La noche se fue a descansar, me arrastró hasta la cama, resistí, pero al final me entregué. El aroma a café me despertó en la cocina. La alacena da fe que al final del sueldo sobra mes. Sin disimulo y con sorna a carcajadas los dueños de la comida remarcan con violencia, ni siquiera por placer, a pura violencia. Y de paso sacuden el monstruo rojo, que duerme desde que el capitalismo de estado se apropió de la pereza financiera, igualando para abajo los bolsillos de los laburantes y alentando a vender merca, que te rinde en un día lo mismo que en un mes de trabajo.

Se reproduce con bronca el discurso ajeno. Se canaliza en boca de los muchos los intereses de los pocos, como si fueran los mismos. Un psicópata liberal proclama prohibir todo. El hambre, la sed, la memoria, la historia y los derechos, todo, absolutamente todo. Hay que ponerle Coto, con perdón de la palabra, a la casta que malgasta. Hay que prohibir el estado para terminar con la vagancia de la abundancia. Esa vagancia que arroja índices de pobreza de la mitad de la población. Población que no sabe aprovechar un país con cuatro climas, seis tipos de dólar y cinco Premios Nobel, los mejores jugadores de fútbol, la producción de comida para cuatrocientos millones de bocas con estómago y una presión fiscal tan grande que no fiscaliza la evasión del valor de la riqueza acumulada por dos años.
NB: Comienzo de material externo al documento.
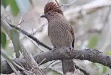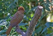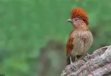 条纹噪鹛是画眉科、噪鹛属中型鸟类,体长28-32厘米。头具短的羽冠,上体栗褐色,飞羽外翻蓝灰色。下体棕栗色,腹以后转为褐白色。除飞羽和尾羽外,所有上、下体羽均具白色羽干纹。极为醒目。野外特征明显,…全部>>

La pandemia, las guerras y los que dicen que gobiernan el mundo no aciertan a dar con la tecla de la humanidad. La construcción de sentido a tomado un desvío contrario a la fraternal unidad y a favor de la individualidad competitiva, onanista y destructiva. El líder de los mercaderes de armas dice pasar las veinticuatro horas del día pensando en la paz. Se asoma la mentira cuando no tiene en cuenta la noche.

El olor a tierra mojada evoca la lluvia de mi niñez: eran buenos tiempos, la esperanza de un mundo más justo recorría el mundo. Soñaba contar la vida por radio imitando al peruano parlanchin. Un largo chaparrón cayó hasta hoy. Los ideales ya no crecen como entonces, pero todavía puedo contar, puedo ver lo profundo en lo playo. Los anónimos tienen nombre y apellido, no paran de remarcar, ya lo confesó uno de ellos en reunión de amigos. Odian a los pobres que ellos generan. Esos que a la hora de elegir también se equivocan y pueden elegir un anónimo conocido de ojos claros.